A cidade foi planejada por engenheiros e arquitetos trazidos da Holanda, Itália, França e Inglaterra. Petersburgo tornou-se do dia para noite uma das maiores cidades da Europa. Uma década após o início da construção, já tinha 35 mil construções, em duas décadas tinha cem mil habitantes.

Contraditoriamente, o tsar só conseguiu construir sua capital moderna tão rápido porque ele tinha um poder que no ocidente não tinha paralelos. Ele ordenou que todos os pedreiros do Império se mudassem para a nova cidade, e proibiu que se construísse com pedra em qualquer outro lugar. Ele obrigou a nobreza a construir palácios na cidade, sob pena de perder os títulos. Ele obrigou centenas de milhares de servos a trabalharem para a construção da cidade, drenando os pântanos e construindo os canais. O esforço era tamanho que, em três anos, centenas de milhares de trabalhadores morreram por lá. Pedro não se importava, então ninguém se deu ao trabalho de contar os corpos. Eram demais para serem retirados, então a cidade foi construída em cima deles. Os mortos embaixo dos monumentos logo se tornaram parte do mito da cidade.

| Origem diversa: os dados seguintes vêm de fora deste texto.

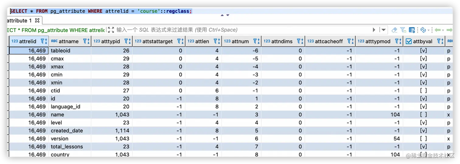 SELECT * FROM pg_attribute WHERE attrelid = 'course'::regclass;
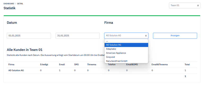 New filter in statistics under "Detail" At customer request, we have built a new filter in the statistics under "Detail". It is now possible to specifically select a company so that only the data of the selected company is displayed.
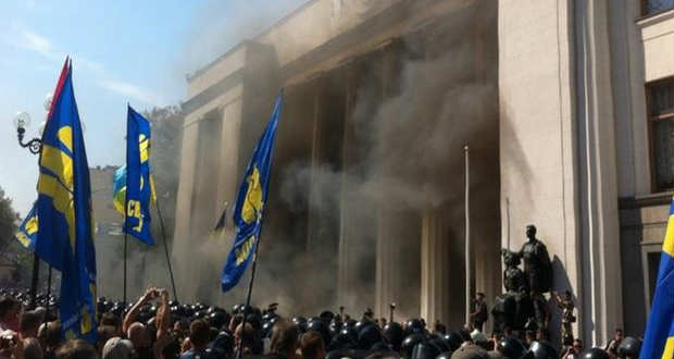 Radikális jobboldali tüntetők megrohamozták az ukrán parlament épületét hétfőn, azt követően, hogy a törvényhozás első olvasatban elfogadta az ukrán alkotmány decentralizációs módosítását, amely nagyobb önrendelkezést biztosít a helyi közösségeknek.
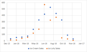 Finally, the Scatter Graph is similar to the Line Chart – it shows how two series of data compare over time. It is designed to identify a relationship and correlation between two data sets. In our example, we’ve shown ice cream sales vs ice lolly sales, to show if one type of product is more popular at certain times of the year.
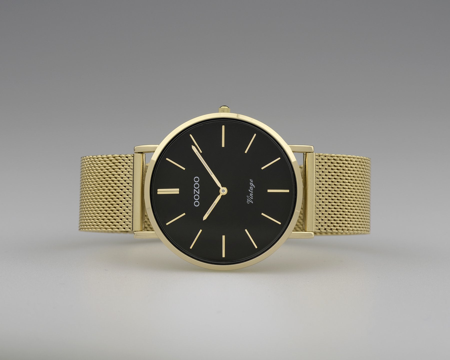 Raffinesse und Eleganz sind zwei Elemente dieser wunderschönen OOZOO Vintage-Serie. Dieses klassische runde Design der C9915 passt für jeden. Diese Unisex-Uhr ist mit ihrem goldenen Metallgehäuse ø32mm und dem schwarzen Zifferblatt angenehm zu tragen. Das goldene Mesh-Armband mit Schiebeverschluss macht diese Uhr zu einem Klassiker aller Zeiten, den Sie zu jedem Anlass tragen können. Das Zifferblatt hat golden gestreifte Ziffern und passende Zeiger. Dieses Modell ist mit einem japanischen Markenuhrwerk ausgestattet. Außerdem ist die Uhr spritzwassergeschützt, nickelfrei und hat einen Gehäuseboden aus Edelstahl.
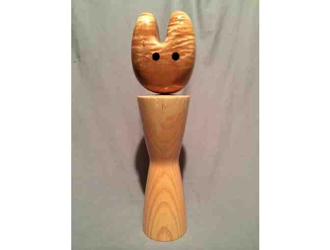 His sculptures are primarily made of wood and demonstrate his mastery of the traditional methods of woodworking. For the past five years, his primary focus has been on abstract images of animals and bird. Details are removed and the creatures are boiling down to their essence, allowing the viewer to focus on the contour, surface, and texture of the work. The works are smooth and heavily coated with lacquer, taking on the appearance of candy. The creations seem to be at peace with their place in the world, seductively drawing the viewer into a world that they wish were real; a world (word choice, world has been used a lot in this sentence, perhaps realm?) of happy creatures that ask nothing of us — all they want is to be loved.
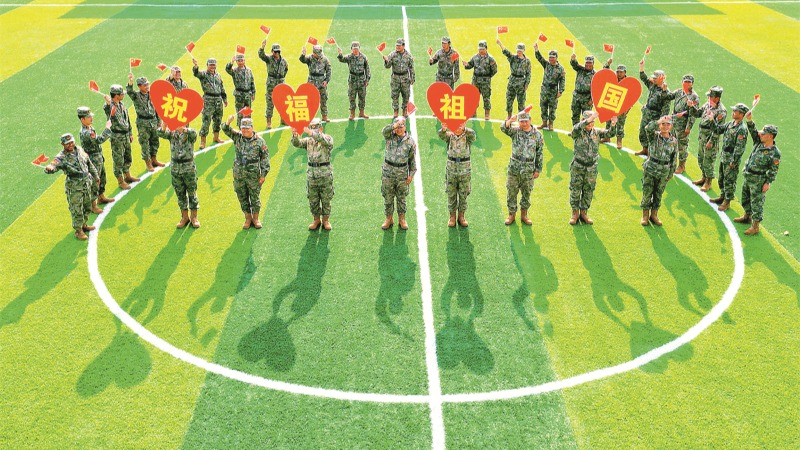 江蘇省濱海縣人武部專武干部和民兵為祖國慶生

Os camponeses russos falavam no tsar anticristo construindo uma cidade amaldiçoada. Surgiram lendas de que a tsarina Eudóxia, a primeira esposa de Pedro que ele tinha encerrado em um convento, teria dito “Petersburgo ficará vazia”, e com isso selado o destino da nova capital. E, logo depois da morte de Pedro, parecia que ela estava certa. Por alguns anos a cidade foi praticamente abandonada, e viajantes falam de matilhas de lobos passando pelas ruas.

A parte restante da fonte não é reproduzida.